Each Golf Films production is typically released at a time that matches its significance and correlation with a current major championship/event.  Recently, “Famous 5” premiered on September 24, 2018, just days before the beginning of the 2018 Ryder Cup in Paris, France, which was aired on NBC and Golf Channel.  “Famous 5” focused on a group of five European golfers – all born within 11 months of one another – who helped revitalize the Ryder Cup and redefine the professional golf landscape.

== List of Golf Films ==

| "Famous 5" | World Premiere September 24, 2018 | Producer Israel DeHerrera | Duration One Hour |
|---|---|---|---|

“Famous 5” outlines how five European golfers – born within 11 months of one another – helped revitalize the Ryder Cup and redefine the professional golf landscape. The film also details how the five (Seve Ballesteros, Nick Faldo, Bernhard Langer, Sandy Lyle, Ian Woosnam) would go on to World Golf Hall of Fame careers, led by 16-combined major championships and a No. 1 world ranking (all but Lyle).

| "Go Down Swinging: The 1999 Open at Carnoustie" | Producers Israel DeHerrera Rich Lerner | Writer Rich Lerner | World Premiere July 9, 2018 | Duration One Hour |
|---|---|---|---|---|

"Go Down Swinging: The 1999 Open at Carnoustie" recounts the 1999 Open when Jean van de Velde surrendered what seemed like inevitable victory with a three-shot lead on the 72nd hole.

| "Summer of '76" | Narrator Tim Matheson | Producers Rich Lerner, Israel DeHerrera James Ponti | Writer Rich Lerner | World Premiere July 18, 2017 | Duration One Hour |
|---|---|---|---|---|---|

"Summer of '76"

| "Jack" | Narrator Tom Selleck | Producer Israel DeHerrera | World Premiere April 9–11, 2017 | Duration Three 1-Hour Installments |
|---|---|---|---|---|

"Jack" is a biopic on record 18-time major champion and World Golf Hall of Fame member Jack Nicklaus.

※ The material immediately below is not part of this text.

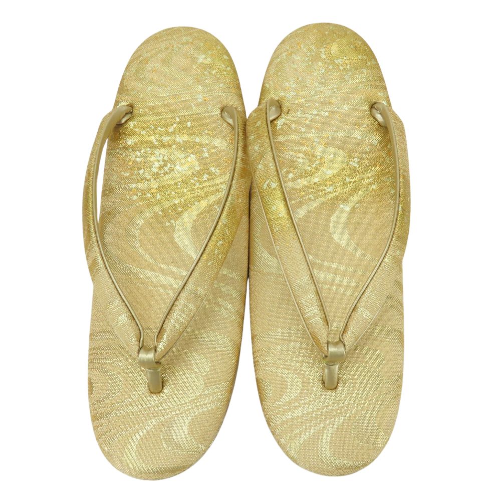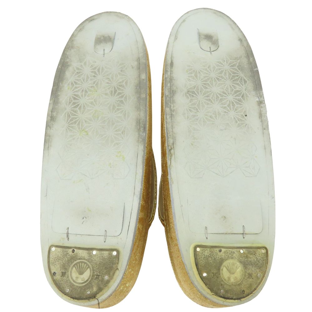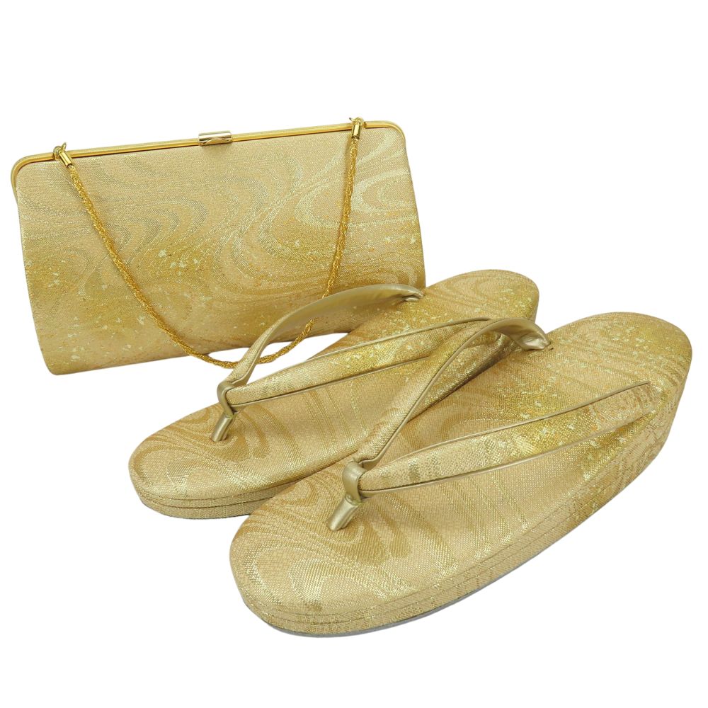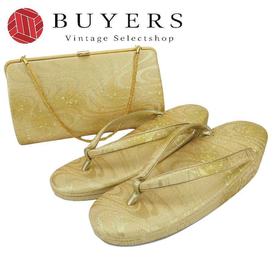 | 品名 | 【中古】 和装バッグ 草履バッグセット 流水模様 箔 正絹(金銀糸除く) 合成皮革 ゴールド ゴールド金具 レディース 女性 |

| "Countdown to Rio" | World Premiere July 31, 2016 | Duration One Hour |
|---|---|---|

"Countdown to Rio" prepared viewers for golf's return to the Olympic Games in 2016 for the first time in 112 years. The special details the sport's journey back to becoming an Olympic sport, including the reaction from the vote in October 2009 that finalized the sport's reinstatement into the Games. The subsequent elements include the events that would follow ahead of the 2016 Rio Olympics, including: The bidding process for designing the Olympic golf course venue and the challenges that the winning architect – Gil Hanse – would face in preparing the course for competition.

| "86" | Narrator John Cusack | Producer Israel DeHerrera | World Premiere April 5, 2016 | Duration One Hour |
|---|---|---|---|---|

"86" is a commemoration of the 30-year anniversary of Jack Nicklaus’ 30th anniversary historic 18th and final major championship in the 1986 Masters.

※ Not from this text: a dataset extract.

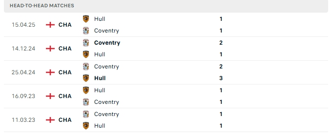 Những màn đụng độ giữa Coventry và Hull City thường diễn ra chặt chẻ không có nhiều bàn thắng được tạo ra, 3/5 trận gần nhất gặp nhau của hai đội và 3/5 trận đón tiếp Hull City trên sân của Coventry khép lại không quá 2 bàn.

| "Ben Crenshaw: A Walk Through Augusta" | Producer Israel DeHerrera | World Premiere April 13, 2015 | Duration One Hour |
|---|---|---|---|

“Ben Crenshaw: A Walk Through Augusta” serves as a retrospective on the life and career of Ben Crenshaw.

| "Arnie & Me" | Producer James Ponti | World Premiere March 17, 2015 | Duration One Hour |
|---|---|---|---|

"Arnie & Me" consists largely of videos recounting random meetings with Palmer. The stories are told by the fans, with no narration.

| "Payne" | Narrator Josh Elliott | Producer Peter Franchella | Writers Al Szymanski "Fritz" Mitchell | World Premiere June 8, 2014 | Duration One Hour |
|---|---|---|---|---|---|

An Emmy-nominated film commemorating Payne Stewart on the 15th anniversary of his victory in the 1999 U.S. Open.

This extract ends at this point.